Und kennen Cis-Männer ihren Körper besser?
Schilling: Nee, kaum jemand kennt seinen Körper richtig gut.
Gnau: Ich glaube, das der einzige Vorteil ist, dass bei Cis-Männern das
sogenannte primäre Geschlechtsorgan besser zu greifen und zu sehen ist.

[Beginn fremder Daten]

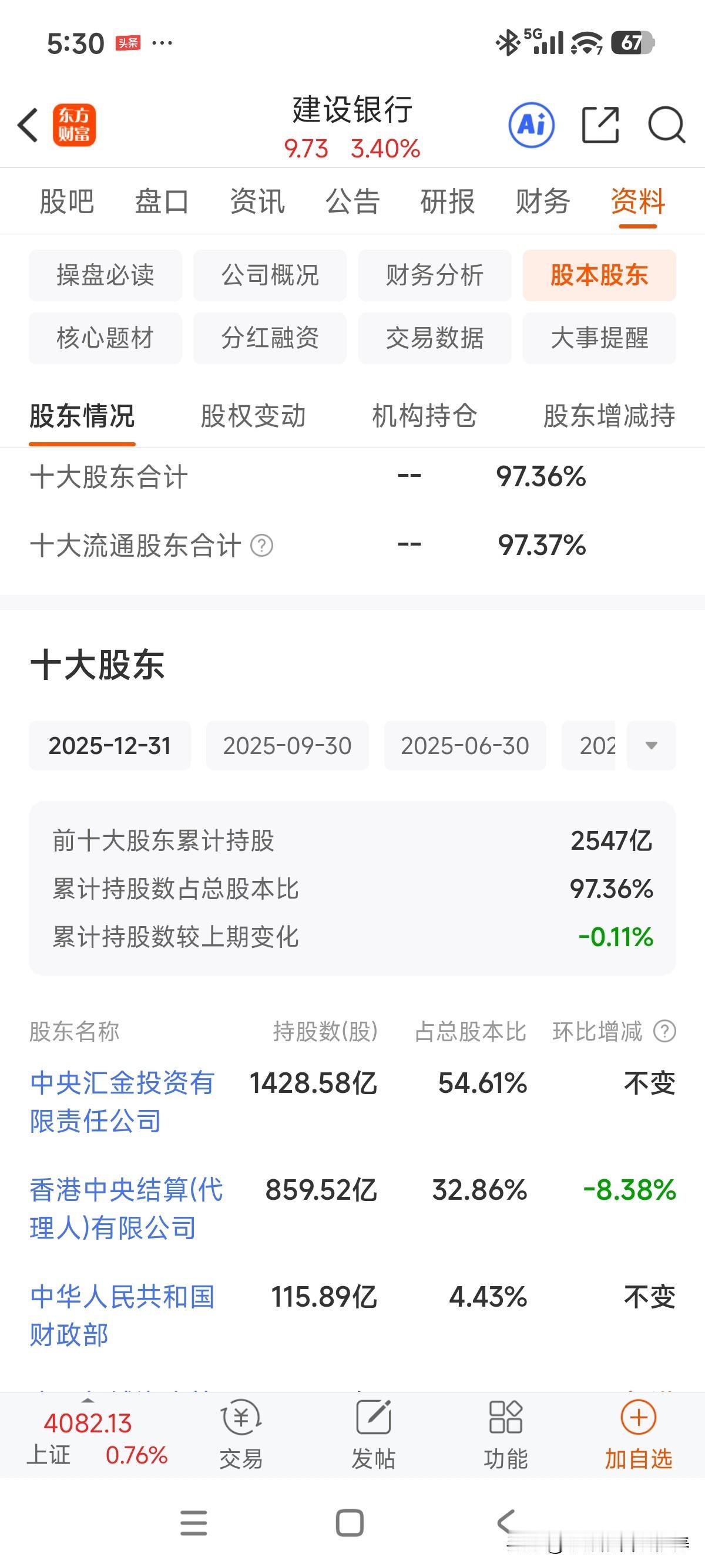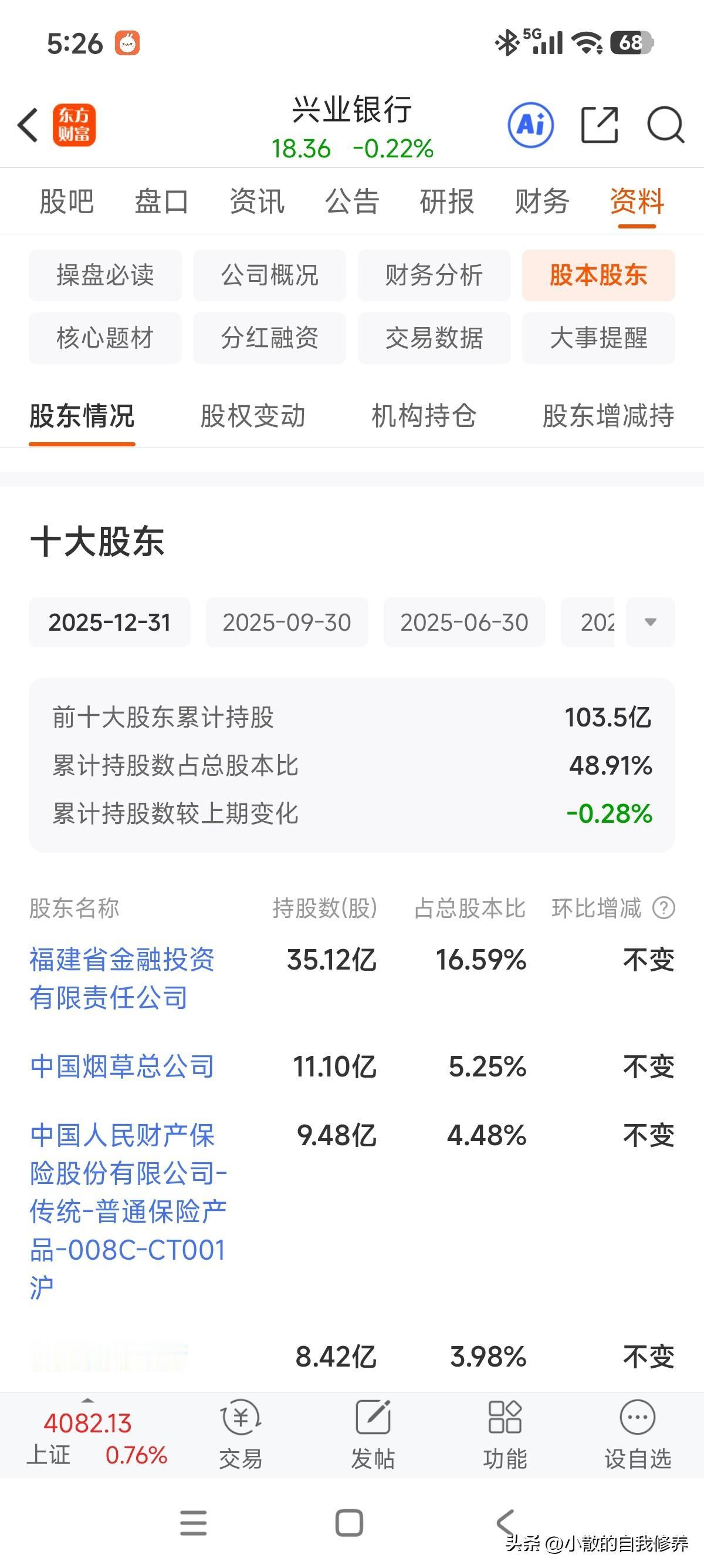 招商银行前十大股东持股占比64.8%,一路不亲创新高的建设银行十大股东占比97.36%,而兴业银行前十大股东持股占比仅48.91%!

Aber die meisten Typen wissen gar nicht, wie viel Spaß man mit der Prostata
haben kann. Und über die körperlichen Funktionen, beispielsweise wie es zum
Samenerguss kommt oder wie eine Erektion entsteht, wissen sie auch nicht
Bescheid.
Ist Sex politisch?
Gnau: Immer.
Schilling: Mega. Sexualität passiert nicht im luftleeren Raum. Sex ist
immer von gesellschaftlichen Verhältnissen geprägt. Zum Beispiel wird in
Deutschland am meisten die heterosexuelle Kleinfamilie gelebt – das hat
auch was mit Sex zu tun. Von sexuellen Praktiken werden Lebensformen
abgeleitet und daran hängen wieder Arbeitsverhältnisse.
Wäre doch schön, wenn Sex einfach nur Sex sein könnte.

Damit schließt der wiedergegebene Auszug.